## Task instructions
Copy, word for word, the opening line of the data and each line after it until the line that contains "X is GHETTO", which is included. Leave the pictures out.

## Data shown

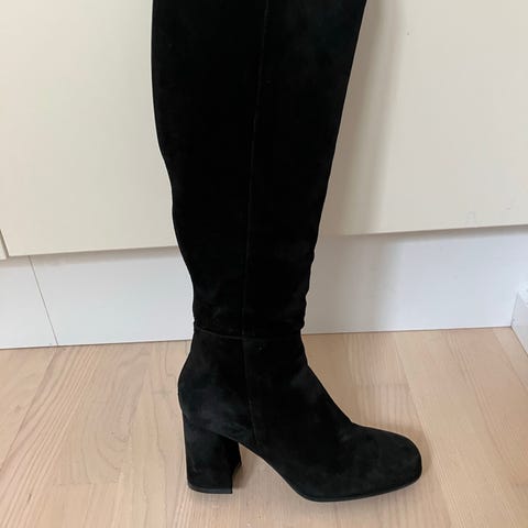 Meget flotte lange støvler med nitter og snøre i sort ruskind, fra Saks Fifth Avenue i str. 40
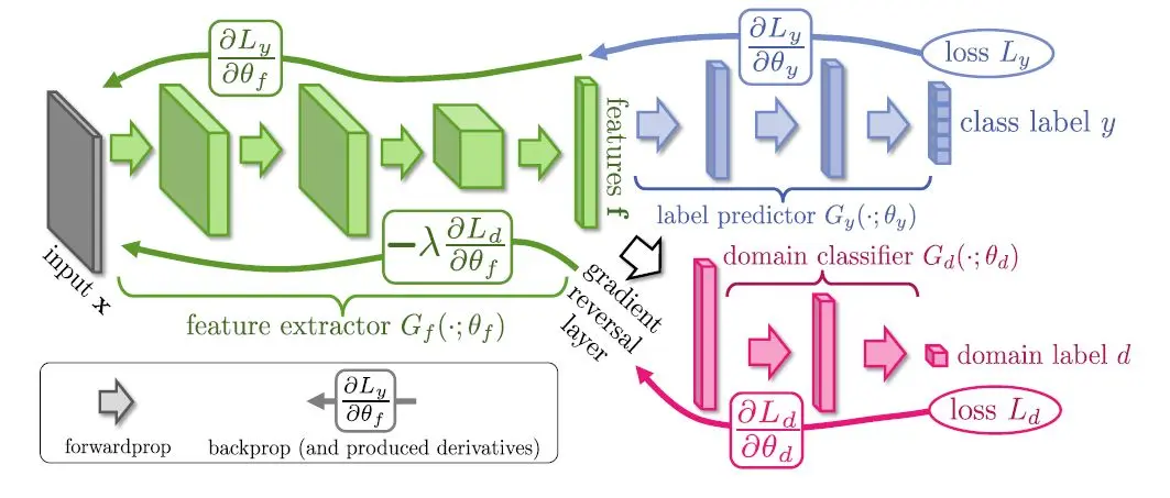 为了对齐域分布,需要同时优化域分类器最小化域分类损失以及优化主干网络的参数最大化域分类损失进行对抗训练,论文采用GRL进行实现,使用梯度下降来训练域分类器,回传梯度给主干时将梯度置为反符号。
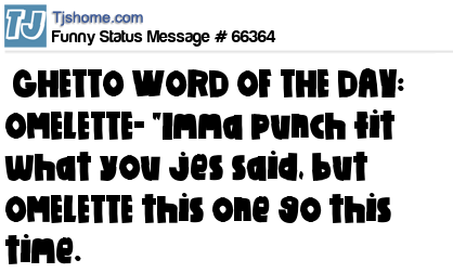 X is GHETTO WORD OF THE DAY: OMELETTE- "Imma punch fit what you jes said, but OMELETTE this one go this time.
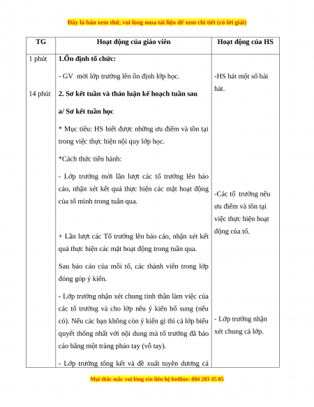 2. Sơ kết tuần và thảo luận kế hoạch tuần sau

## Written solution
 Meget flotte lange støvler med nitter og snøre i sort ruskind, fra Saks Fifth Avenue i str. 40
 为了对齐域分布,需要同时优化域分类器最小化域分类损失以及优化主干网络的参数最大化域分类损失进行对抗训练,论文采用GRL进行实现,使用梯度下降来训练域分类器,回传梯度给主干时将梯度置为反符号。
 X is GHETTO WORD OF THE DAY: OMELETTE- "Imma punch fit what you jes said, but OMELETTE this one go this time.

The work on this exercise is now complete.